* WHAT IS NEEDED: For any picture in the lines below, please leave it out and copy the rest exactly.
--- MATERIAL FOR THIS TASK Enclosed Below ---
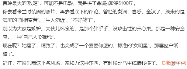 有人说,贾玲是转变为资本了,已经上桌,不需要再讨好观众,何必再费劲用外形,讨好观众博取一笑。
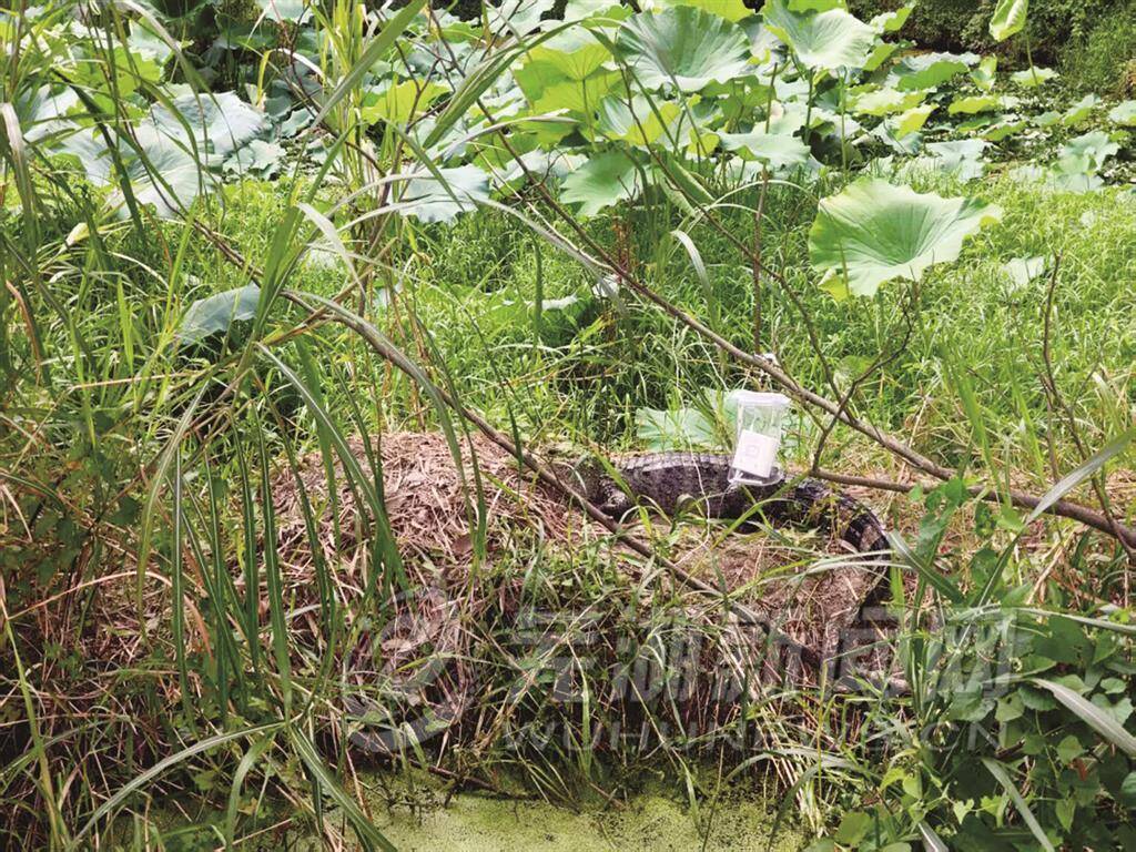 在另一处塘口,一位非常有“责任心”的母鳄正寸步不离地守着自己未出生的“宝宝”(如图)。它在日常活动的水域周边为产下的鳄卵搭建了窝巢,自己则潜伏在水里,只露出两只机警的眼睛,绿色的浮萍成了它的保护色,使其和池塘融为了一体。一旦有可疑生物经过,母鳄便会毫不犹豫地迅速跃上岸来保护窝巢安全。章燕介绍,不同扬子鳄性格存在差异,在野外环境中,母性强的护巢鳄鱼能显著提高幼鳄存活率,更易将后代平安抚育长大。
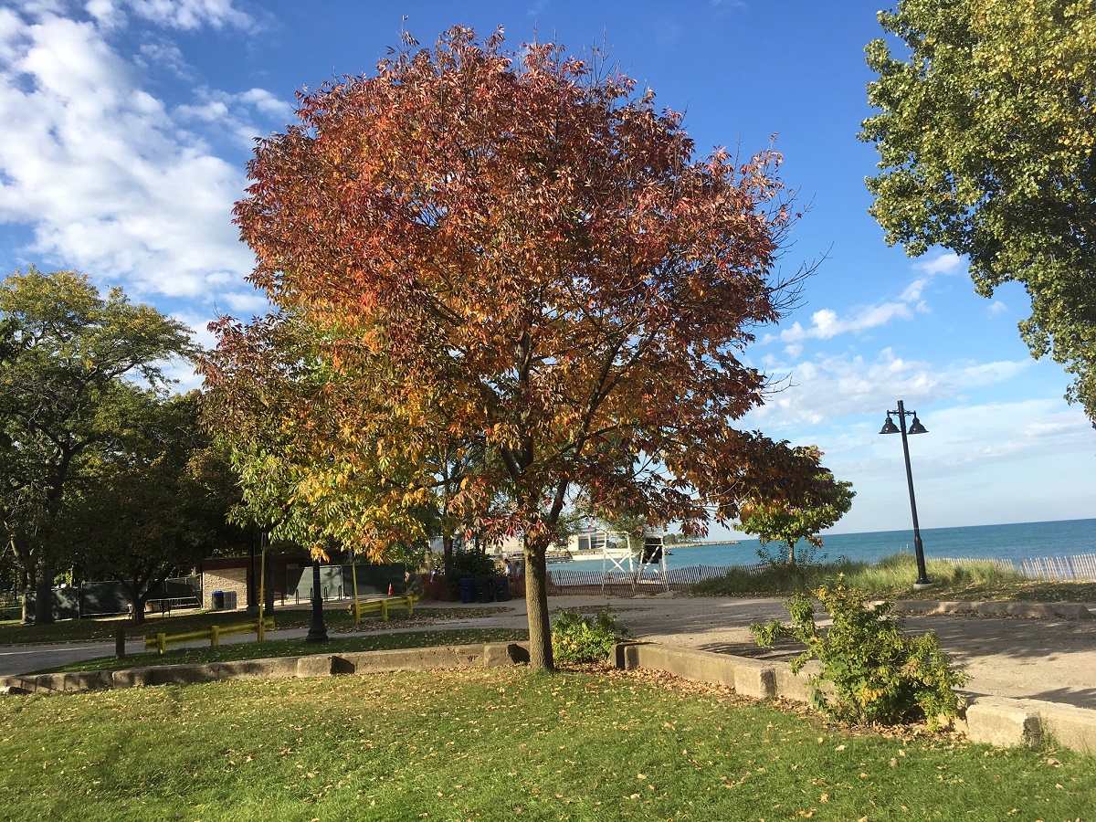 Beautiful red/purple tree near Greenwood Beach in Evanston
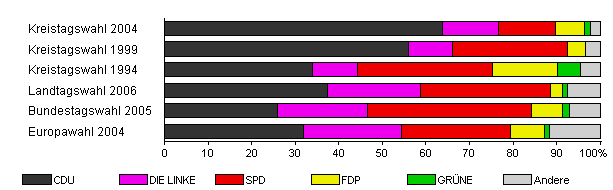 | Kreistagswahl 2004 | 70,4 | 63,8 | 12,8 | 13,1 | 6,7 | 1,5 | 2,0 | |
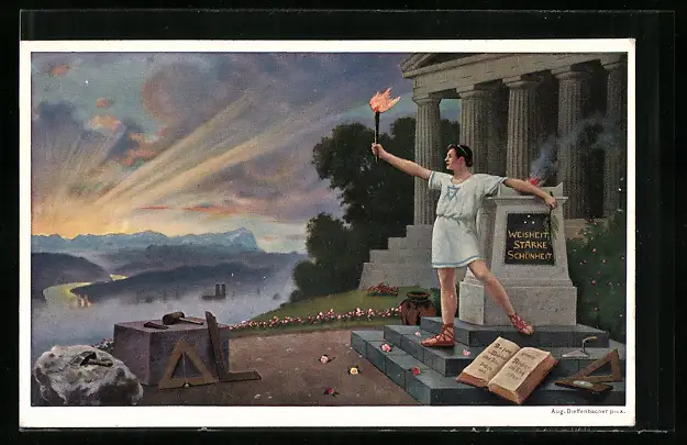 Künstler-AK sign. Aug. Dieffenbacher: Karlsruhe, Johannisloge zur Pyramide, Hebelstrasse 21
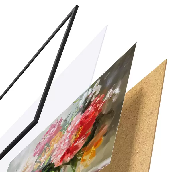 Plakatą sudaro rėmas, pleksiklas, atspausdintas vaizdas ir medžio drožlių plokštės pagrindas. Plakatą galima iš karto pakabinti ant sienos dėl kitoje pusėje esančių laikiklių.
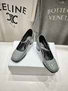 MEDIUM - HEEL MARY JANE SHOES IN SMOKE GREY GLOSSY CALFSKIN
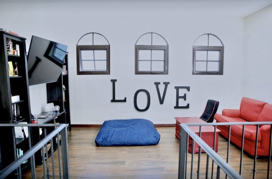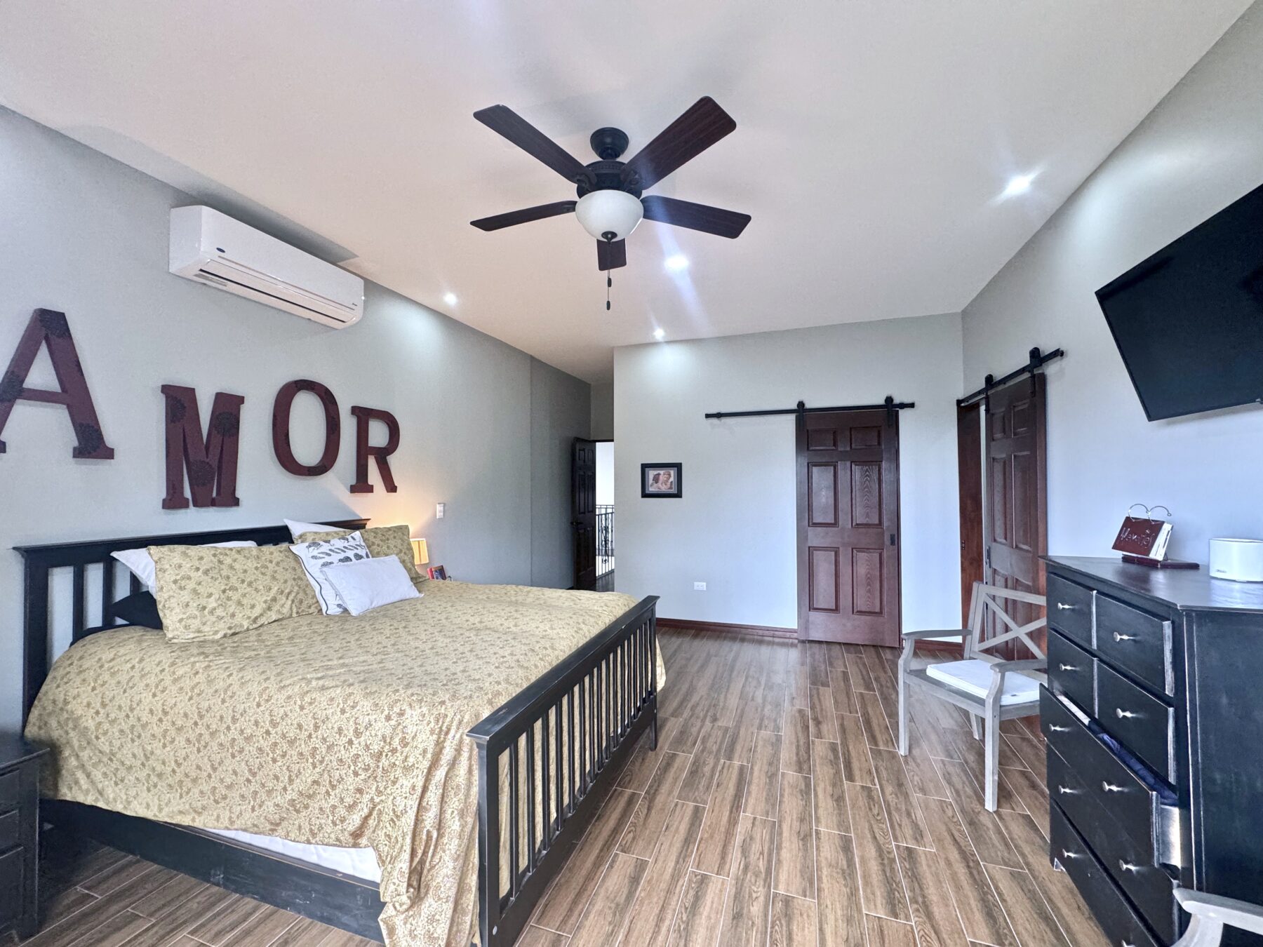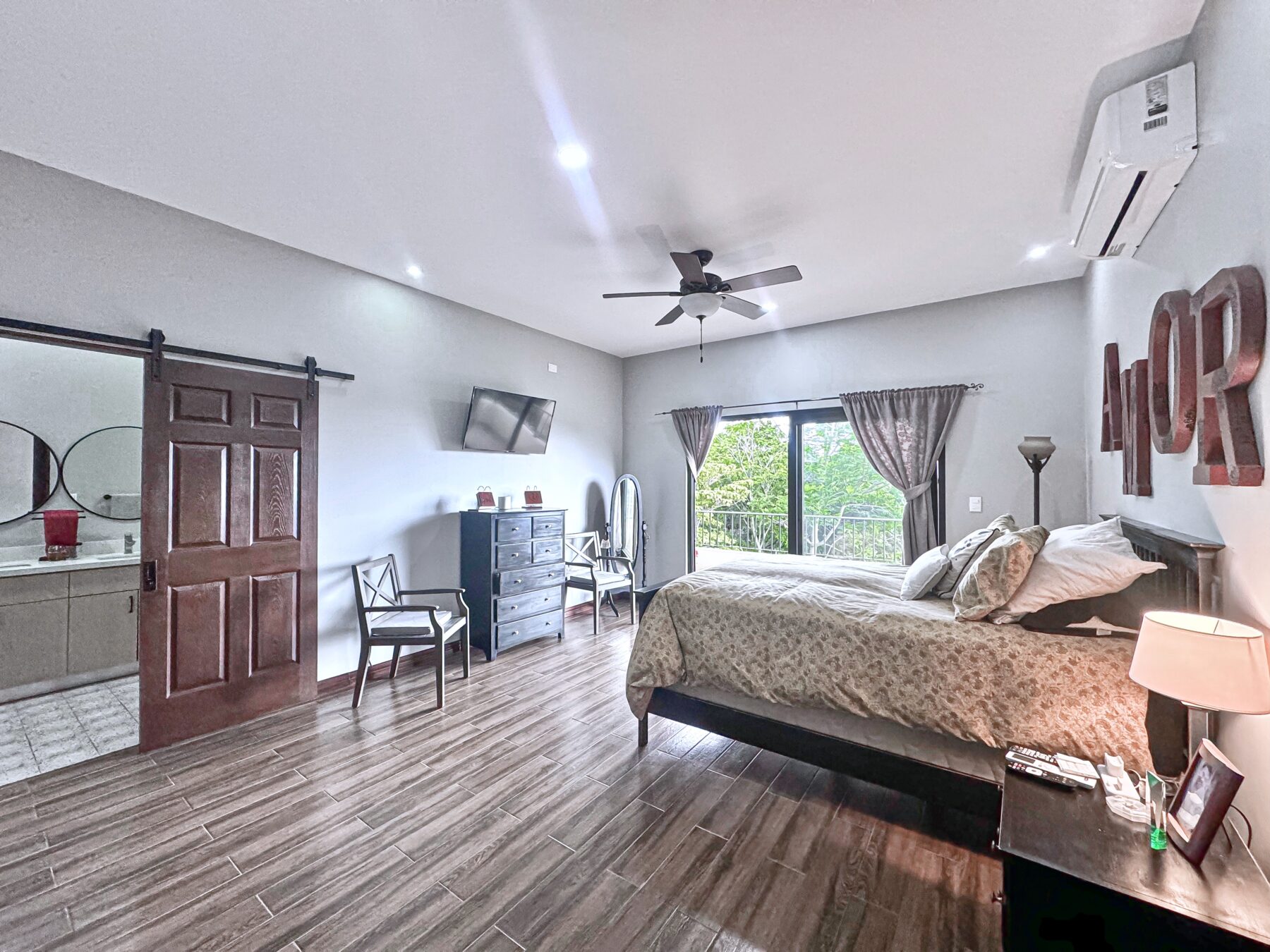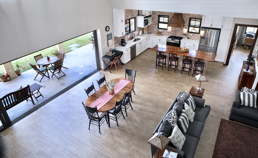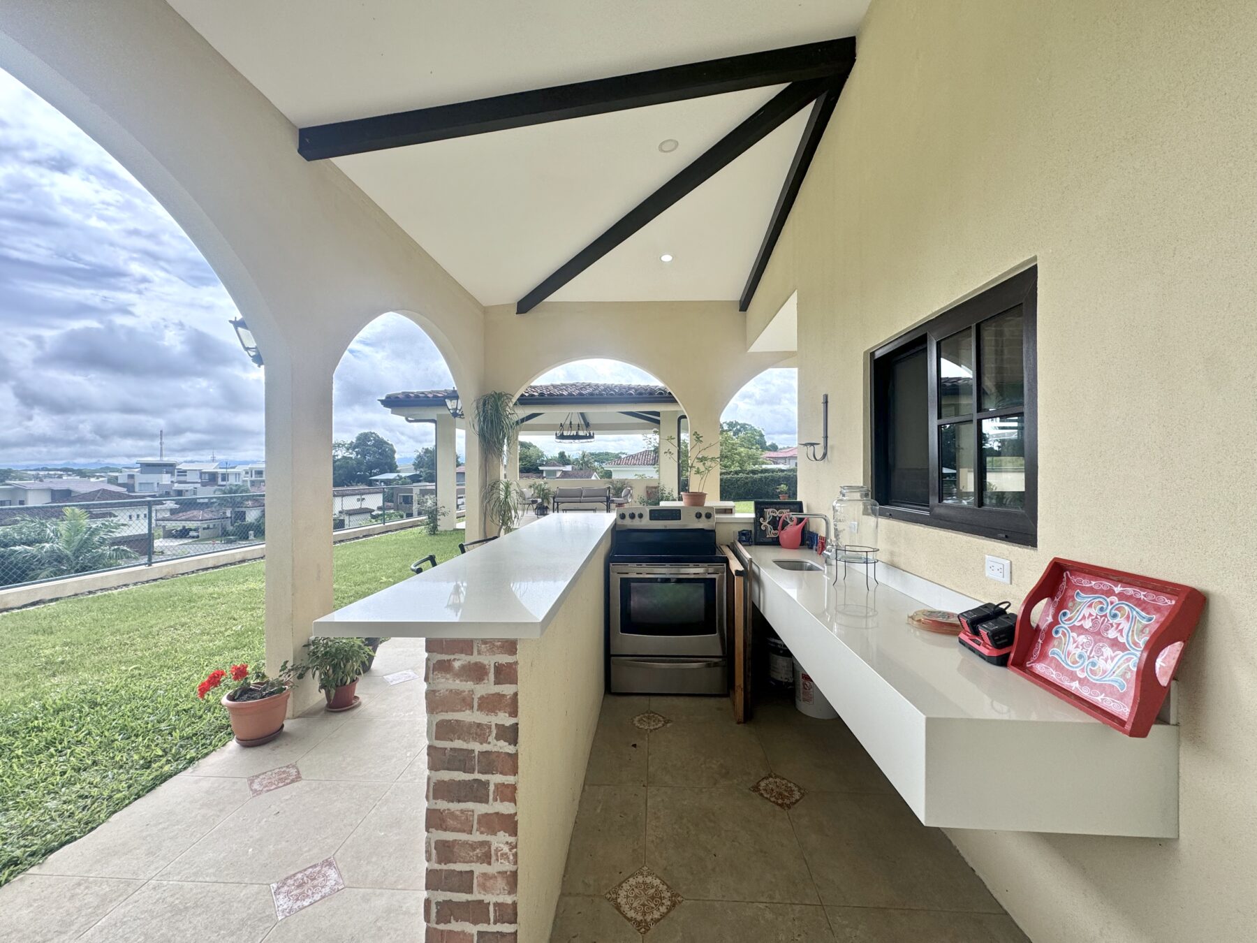 The jaw-dropping kitchen decor is a true centerpiece, boasting modern white cabinetry and classic red brick accent wall & backsplash. At the center of the kitchen, a striking island with a solid Guanacaste wood top is beautifully illuminated by designer pendant lighting—creating a warm, inviting focal point for both cooking and gathering.
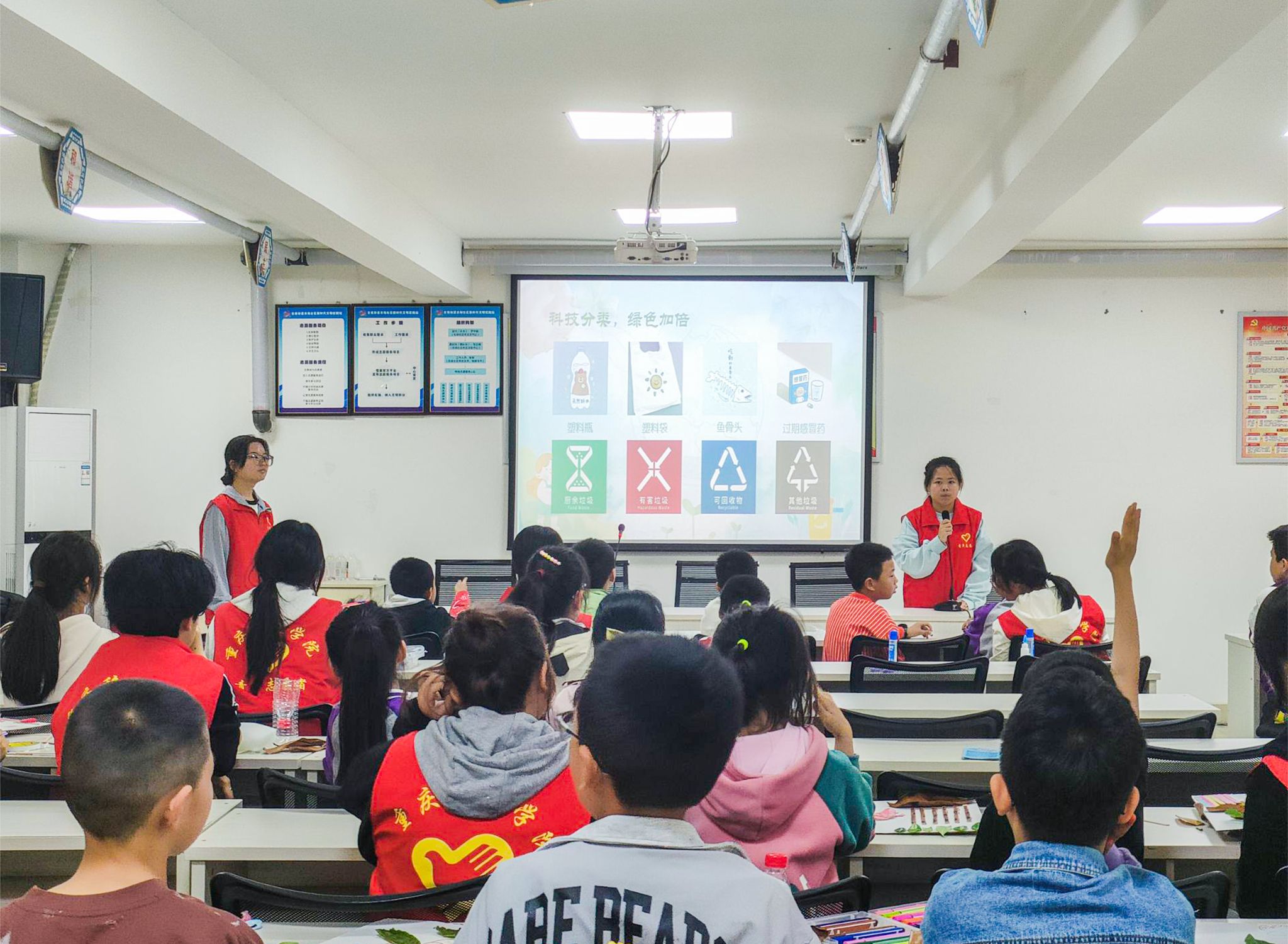 “科技分类,绿色加倍” 环节中,志愿者向孩子们科普垃圾分类知识,介绍智能垃圾分类桶,以问答奖励的方式加深他们对垃圾分类的理解。孩子们热情高涨,积极参与互动,进一步增强了垃圾分类意识,认识到科技在环保领域的重要作用。
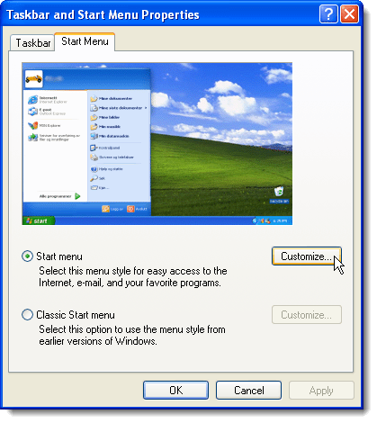 The Taskbar and Start Menu Properties dialog box displays. Click the Start Menu tab and, then, click the Customize button.
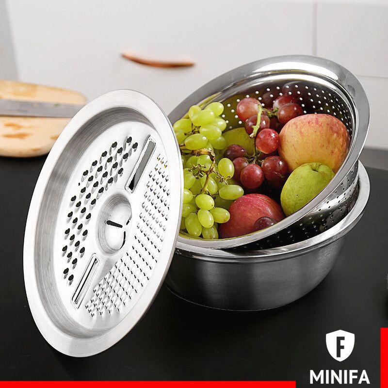 [Ưu Đãi] Rổ Inox Nạo Củ Quả Đa Năng 3 trong 1
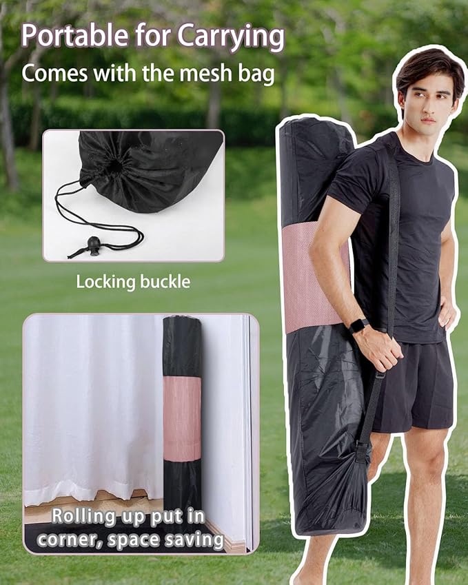 - Easy to Clean and Store: Waterproof design, easy to clean, suit for both indoor and outdoor activities. Comes with a meshed carry bag, 2 elastic band straps(inside of the rolled mat), easy to roll up and store.
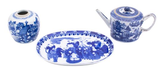 A mixed lot of Chinese blue and white porcelain, Qing dynasty and later comprising: a cylindrical teapot and cover with entwined handle painted with a pagoda lake landscape, 25cm [spout restored, interior star crack]; a globular jar painted with peonies, butterflies and a bird, drilled double circles mark, 12cm; and an oval tray painted with Immortals and attendants, 30cm [3].
--- End of Enclosed MATERIAL FOR THIS TASK ---
* SOLUTION FOR THIS TASK:
 有人说,贾玲是转变为资本了,已经上桌,不需要再讨好观众,何必再费劲用外形,讨好观众博取一笑。
 在另一处塘口,一位非常有“责任心”的母鳄正寸步不离地守着自己未出生的“宝宝”(如图)。它在日常活动的水域周边为产下的鳄卵搭建了窝巢,自己则潜伏在水里,只露出两只机警的眼睛,绿色的浮萍成了它的保护色,使其和池塘融为了一体。一旦有可疑生物经过,母鳄便会毫不犹豫地迅速跃上岸来保护窝巢安全。章燕介绍,不同扬子鳄性格存在差异,在野外环境中,母性强的护巢鳄鱼能显著提高幼鳄存活率,更易将后代平安抚育长大。
 Beautiful red/purple tree near Greenwood Beach in Evanston
 | Kreistagswahl 2004 | 70,4 | 63,8 | 12,8 | 13,1 | 6,7 | 1,5 | 2,0 | |
 Künstler-AK sign. Aug. Dieffenbacher: Karlsruhe, Johannisloge zur Pyramide, Hebelstrasse 21
 Plakatą sudaro rėmas, pleksiklas, atspausdintas vaizdas ir medžio drožlių plokštės pagrindas. Plakatą galima iš karto pakabinti ant sienos dėl kitoje pusėje esančių laikiklių.
 MEDIUM - HEEL MARY JANE SHOES IN SMOKE GREY GLOSSY CALFSKIN
 The jaw-dropping kitchen decor is a true centerpiece, boasting modern white cabinetry and classic red brick accent wall & backsplash. At the center of the kitchen, a striking island with a solid Guanacaste wood top is beautifully illuminated by designer pendant lighting—creating a warm, inviting focal point for both cooking and gathering.
 “科技分类,绿色加倍” 环节中,志愿者向孩子们科普垃圾分类知识,介绍智能垃圾分类桶,以问答奖励的方式加深他们对垃圾分类的理解。孩子们热情高涨,积极参与互动,进一步增强了垃圾分类意识,认识到科技在环保领域的重要作用。
 The Taskbar and Start Menu Properties dialog box displays. Click the Start Menu tab and, then, click the Customize button.
 [Ưu Đãi] Rổ Inox Nạo Củ Quả Đa Năng 3 trong 1
 - Easy to Clean and Store: Waterproof design, easy to clean, suit for both indoor and outdoor activities. Comes with a meshed carry bag, 2 elastic band straps(inside of the rolled mat), easy to roll up and store.
 A mixed lot of Chinese blue and white porcelain, Qing dynasty and later comprising: a cylindrical teapot and cover with entwined handle painted with a pagoda lake landscape, 25cm [spout restored, interior star crack]; a globular jar painted with peonies, butterflies and a bird, drilled double circles mark, 12cm; and an oval tray painted with Immortals and attendants, 30cm [3].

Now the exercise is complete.